Salah satu perbanyakan tanaman secara vegetatif adalah

dengan cara kultur jaringan. Kultur jaringan merupakan perbanyakan
tanaman yang sudah modern. Kultur jaringan berbeda dengan
perbanyakan vegetatif secara tradisional. Kultur jaringan
memerlukan teknik, media tanam, serta ruangan yang mendukung
tumbuh dan perkembangannya. Tujuan dari kultur jaringan adalah
dengan memperbanyak tanaman dengan isolasi organ yang
produktif. Sehingga hasil akhir dari kultur jaringan adalah tanaman
baru yang sama dengan induknya.

Kultur jaringan perlu dilakukan dizaman sekarang ini

karena permasalah dalam bidang pertanian.
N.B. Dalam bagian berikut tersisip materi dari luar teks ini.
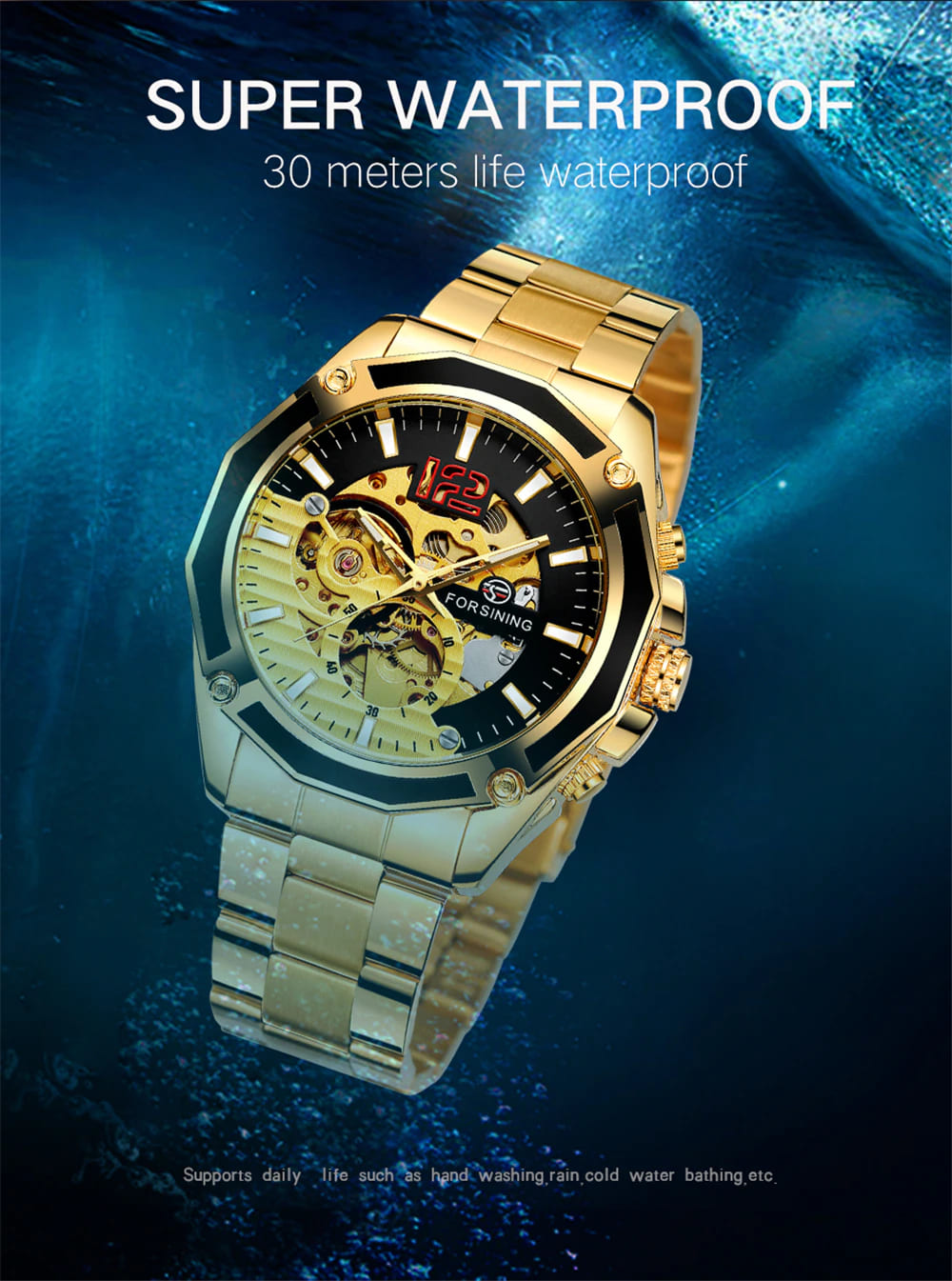 В часах можно мыть руки, поскольку обладают бытовой водонепроницаемостью. Модель полностью выполнена из часовой стали и долго сохраняет свой первоначальный внешний вид. На браслете установлена раскладная застежка. Если потянуть за браслет, то часы расстегнуты, но не упадут.
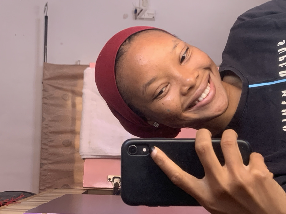 A head-and-shoulders portrait captures a young female, estimated to be in her late teens or early twenties, smiling broadly towards the camera. She has dark skin and is wearing a dark red fabric head covering and a black t-shirt with a light blue vertical stripe and partially visible white text. A small, square, clear stud earring is visible in her left ear. Her right hand, featuring dark nail polish on the thumb, index, and middle fingers, holds a black smartphone with a visible single camera lens and flash on the reverse, angled towards her face, indicating a selfie. The indoor background includes a light pink door or cabinet on the left, a white towel or fabric draped behind her, and a light brown curtain across the upper portion of the frame. A thin black metal rod extends horizontally in the upper center. The specific location within Ilorin, Nigeria, is not discernible from the visual information provided.
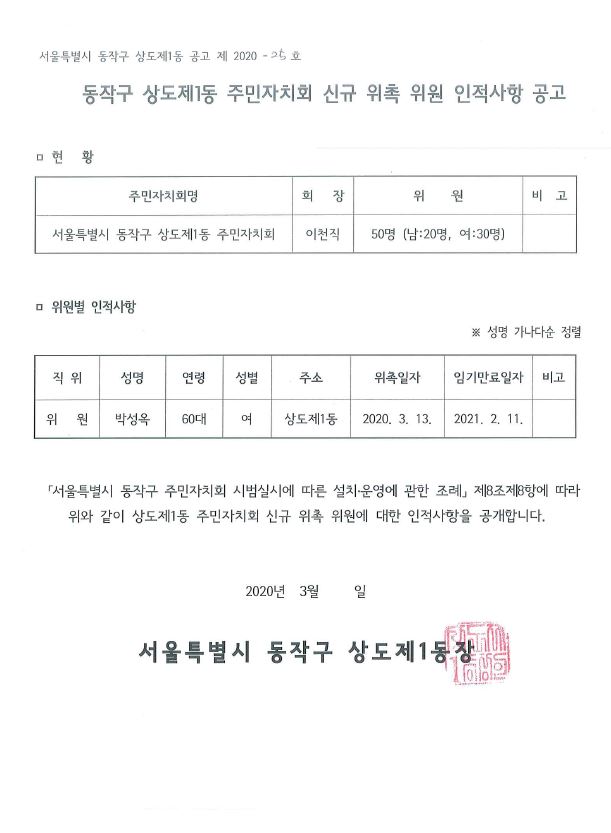 상도제1동 주민자치회 신규 위촉위원 인적사항 공고
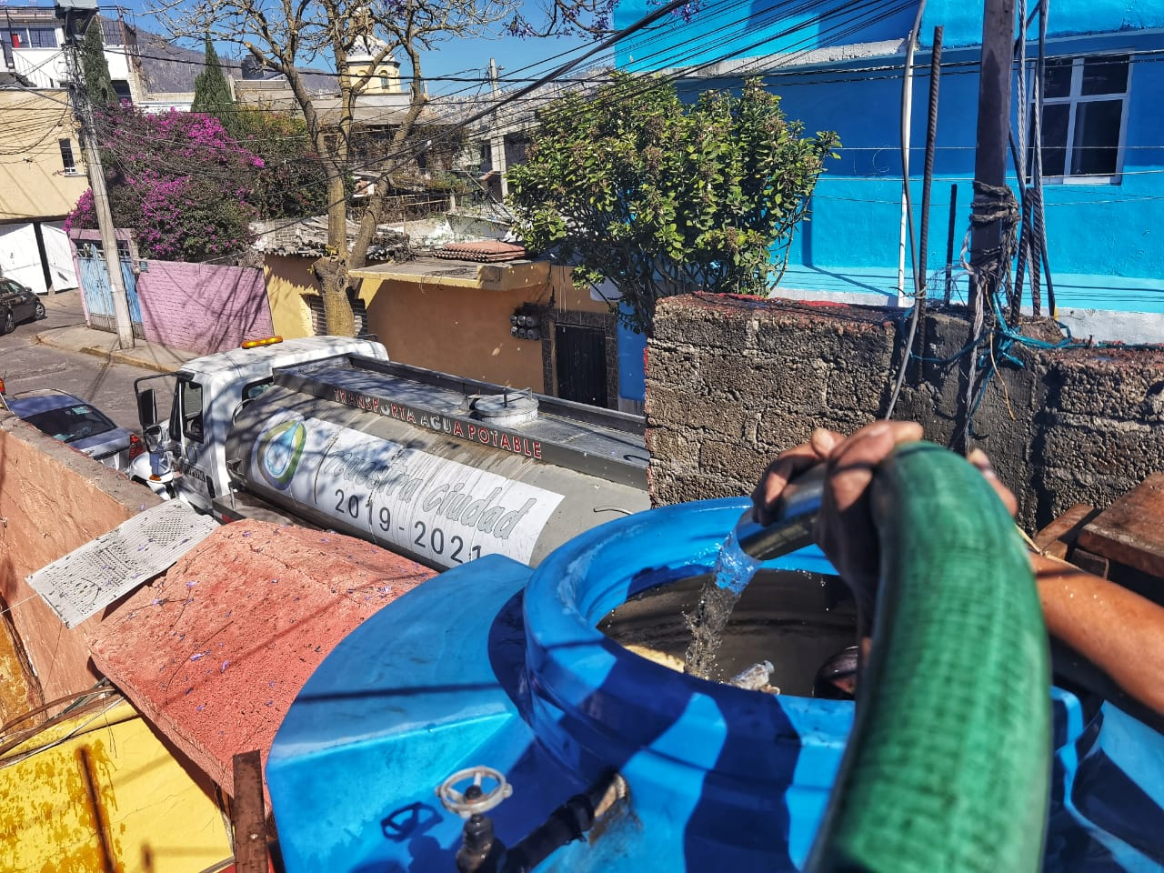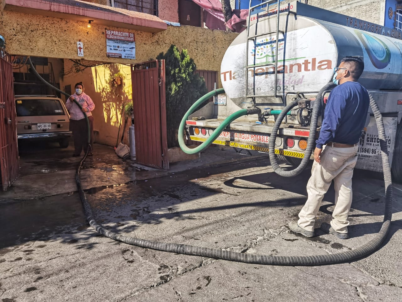 Con camiones cisterna el OPDM realiza recorridos por calles del pueblo San Juan Ixhuatepec donde se reportó baja presión para suministrar del vital líquido.
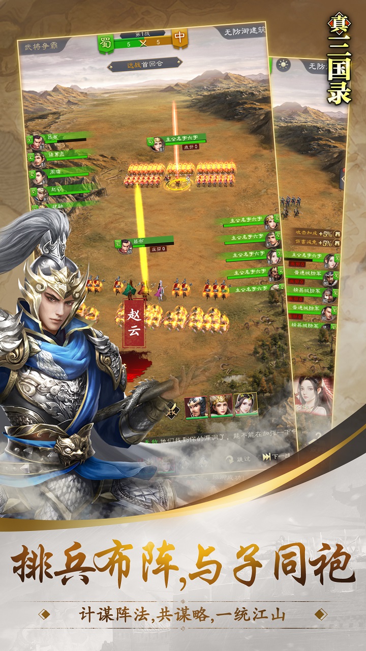 历史名将等待着主公的统领,英雄可自由搭配技能、宝物、阵法、计策等策略性系统。
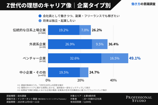 「会社員として働きつつ、副業・フリーランスでも稼ぎたい」と「将来は独立・起業したい」を合計した「独立・副業志向」を持つ人の割合は、ベンチャー企業社員では49.1%に達しました。これは、伝統的な日系上場企業社員(26.2%)の約1.9倍にあたり、両者の間には大きな意識の差が見られます。

Dengan kultur jaringan
bibit dapat dihasilkan tidak tergantung musim, bibit yang dihasilkan
seragam seperti induknya serta waktu yang dibutuhkan relatif
singkat. Itulah mengapa kultur jaringan penting dilakukan pada
bidang pertanian.

a. Tujuan
Praktikum ini bertujuan untuk mengetahui cara melakukan
perbanyakan tanaman dengan kultur jaringan pada tanaman krisan.

b. Manfaat
Praktikum ini bertujuan agar mahasiswa dapat melakukan
perbanyakan tanaman dengan kultur jaringan pada tanaman krisan
serta mengetahui perkembangannya lebih lanjut.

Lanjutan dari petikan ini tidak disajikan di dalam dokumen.